Plus profondément, il relève chez les Victorins de leur théologie augustinienne de l’amour, laquelle est chez eux –explicitement chez Richard de Saint-Victor - d’essence trinitaire.

a) A ce titre, loin d’être un danger pour la vie de la communauté, il en est un accroissement. Car l’amour étant accru quand il est partagé, il faut donc des frères à aimer d’un amour égal, comme il convenait à la perfection de l’Amour qu’ait Dieu qu’il ait un Fils à aimer.

b) Il en est non seulement un accroissement, mais une exigence qu’il faut dire ontologique : il faut que les religieux puissent communier, en vertu de leur amour réciproque même, dans le partage de leur amour mutuel pour un tiers, comme il convenait à la perfection de leur amour mutuel et réciproque que le Père et le Fils aiment un Tiers, l’Esprit-saint.

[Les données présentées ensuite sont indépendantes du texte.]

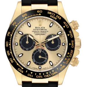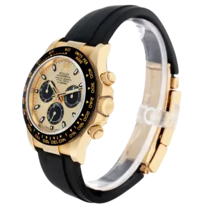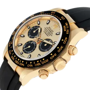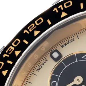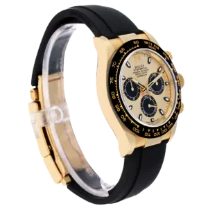 The warm champagne dial enhances the watch’s premium character, complemented by luminous-style baton hour markers and hands that maintain a clean, readable layout. Three contrasting black chronograph-style subdials preserve the signature Daytona design language, while the black bezel with engraved markings reinforces its sporty, motorsport-inspired identity.
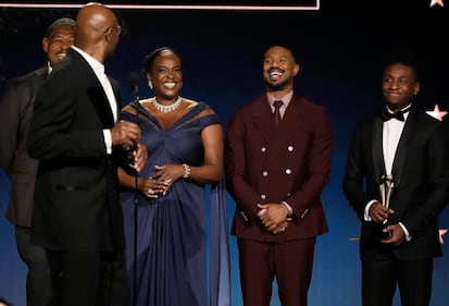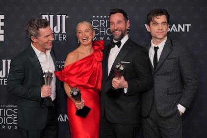 Omar Benson Miller, from left, Delroy Lindo, Wunmi Mosaku, Michael B. Jordan, and Miles Caton accept the award for best casting and ensemble for "Sinners" during the 31st Annual Critics Choice Awards on Sunday, Jan. 4, 2026, at The Barker Hanger in Santa Monica, Calif. (AP Photo/Chris Pizzello)
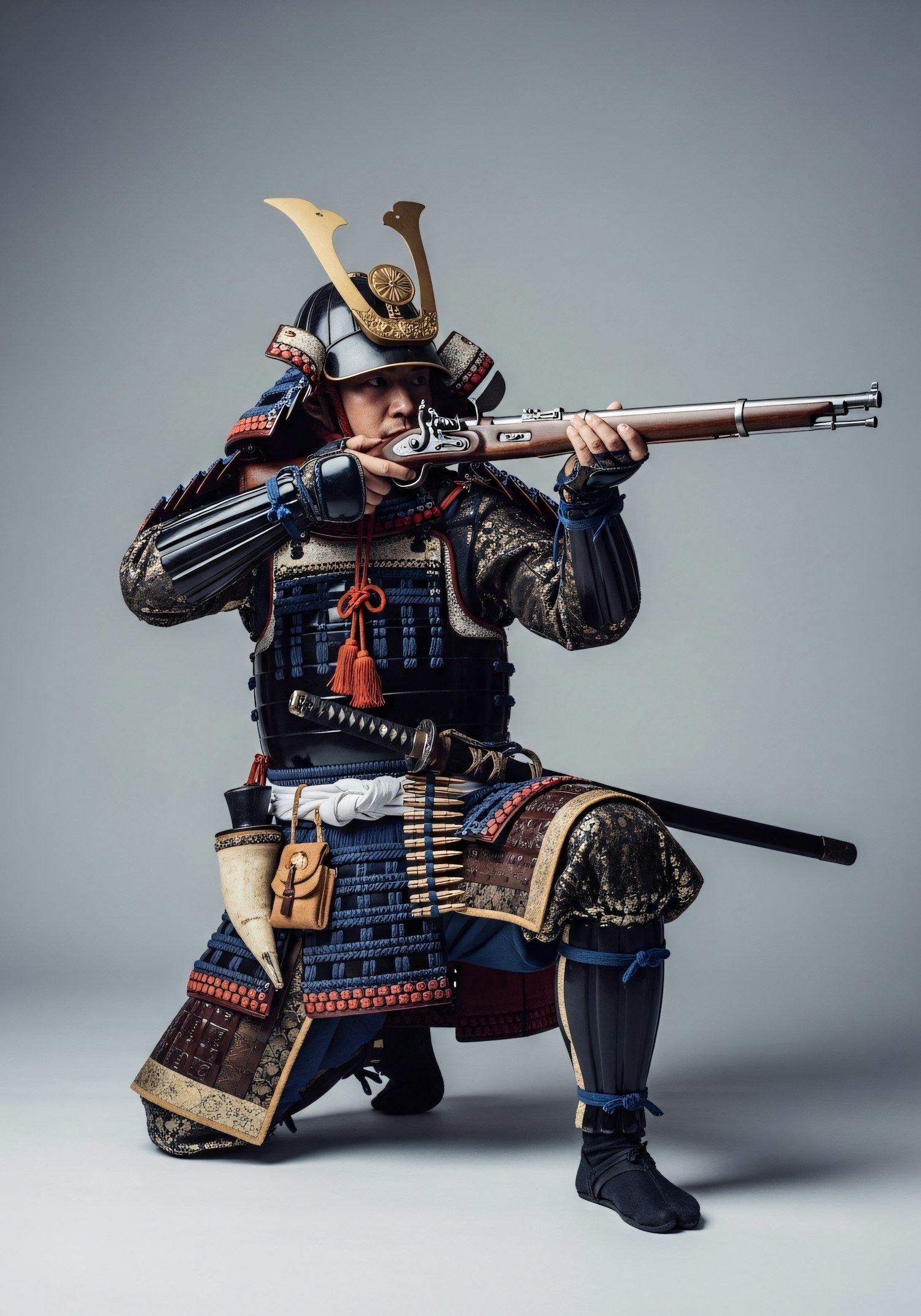 A samurai in traditional armor kneels while aiming a matchlock firearm, showcasing historical Japanese craftsmanship and weaponry.

c) Il en est non seulement une exigence mais un élargissement « dignifiant ». Il est non seulement « descendant » vers le prochain reçu par la compassion, mais « égalisant » de ce même prochain à qui une dignité est ainsi communiquée qui touche son être : pour que l’amour entre le Père et le Fils soit parfait il doit être partagé ; pour qu’il soit entièrement partagé ces « deux » doivent l’exercer ensemble sur un Tiers ; pour qu’il soit partageable en sa totalité de perfection, ce tiers doit être égal aux deux amantes, et donc parfait, comme l’est l’Esprit-saint, ou « perfectionné » comme l’hôte « reçu ».

 

Celui-ci entre ainsi, à un titre spécifique, dans la « famille victorine » (le mot n’est pas moderne, mais a été utilisé à Saint-Victor du XIIe à la fin du XVIIe s.). Ou plus exactement c’est celle-ci qui s’étend à lui et qui reçoit de lui un trait de sa perfection. Quoiqu’il en soit de la distinction entre un accueil « de groupe » ou « individuel », l’hospitalité y est toujours « personnelle » : l’analogué premier en reste les Personnes trinitaires et on reçoit quelqu’un.

 

Ce qui introduit à une autre et dernière caractéristique qu’il faut rattacher à l’ecclésiologie victorine: l’hospitalité diversement intégrante. L’Église a un cœur, qui est la charité de l’Esprit-saint ; elle a un corps qui en est animé ; l’appartenance à l’Église a divers degrés selon l’intensité de la charité et le statut spirituel et ecclésial de chacun. La communauté canoniale présentera la même nature ; son agir aussi, donc aussi son hospitalité : il y a du plus et du moins, sensible dans la durée du séjour, dans les lieux d’accueil (hôtellerie ou parties claustrales) et les activités auxquelles l’hôte prend ou non part. L’image de cercles concentriques en camaïeu traduirait le moins mal ces réalités théologiques et pratiques.